RADARBANJARMASIN.JAWAPOS.COM, Banjarmasin – Gelombang aksi buruh menolah pajak Jaminan Hari Tua (JHT), Tunjangan Hari Raya (THR) dan pesangon yang bakal digelar serentak di Jakarta pada Kamis (9/7) mendapat perhatian pekerja di Kalimantan Selatan (Kalsel).
Partai Buruh dan FSPMI Kalsel menyatakan siap turun ke jalan apabila ada instruksi resmi dari pengurus pusat.
Ketua Exco Partai Buruh, Sudarsih mengatakan hingga kini belum ada arahan untuk menggelar aksi di daerah.
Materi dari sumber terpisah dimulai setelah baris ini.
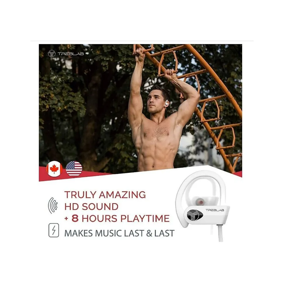 Our Treblab XR500 wireless earbuds use latest Bluetooth 4.1 CSR technology and most advanced components. Enjoy unparalleled quality of sound with tight bass and highs that tingle your hearing senses. Whether running, biking, training hard in the gym, or doing any kind of physical activity, our IPX4 SWEAT-PROOF sports Bluetooth earbuds feel great to wear and will never fall out

Namun pihaknya memastikan seluruh anggota di Banua siap memberikan dukungan apabila aksi dilakukan secara nasional.
"Kami di daerah masih menunggu instruksi dari pusat. Kalau memang ada komando untuk bergerak secara serentak, tentu kami siap melaksanakan sesuai arahan organisasi," ujarnya, Selasa Rabu (8/7/2026) pagi.
Menurut wanita yang biasa disapa Asih ini, tuntutan penghapusan pajak atas Jaminan Hari Tua (JHT) dan Tunjangan Hari Raya (THR) merupakan aspirasi yang sudah lama disuarakan kalangan buruh. Sebab, JHT adalah uang yang dikumpulkan dari pekerja sendiri, sedangkan THR sejatinya diberikan untuk membantu memenuhi kebutuhan pekerja saat hari raya.
"Harapan kami bisa diterima utuh sehingga benar-benar dimanfaatkan untuk kebutuhan keluarga. Aspirasi ini tentu perlu didengar pemerintah," katanya.
Ia menegaskan, apabila nantinya Partai Buruh ikut menggelar aksi, seluruh kegiatan akan dilakukan secara tertib dan sesuai ketentuan yang berlaku.
"Kami selalu mengedepankan penyampaian aspirasi secara damai. Tujuan kami bukan membuat kegaduhan, tetapi menyampaikan harapan buruh kepada pemerintah," tambahnya.
Sebelumnya, ribuan buruh dari wilayah Jabodetabek dijadwalkan menggelar aksi unjuk rasa di depan Kementerian Keuangan pada Kamis (9/7). Salah satu tuntutan utama ialah menghapus kebijakan pajak atas THR yang dinilai mengurangi manfaat tunjangan yang diterima pekerja.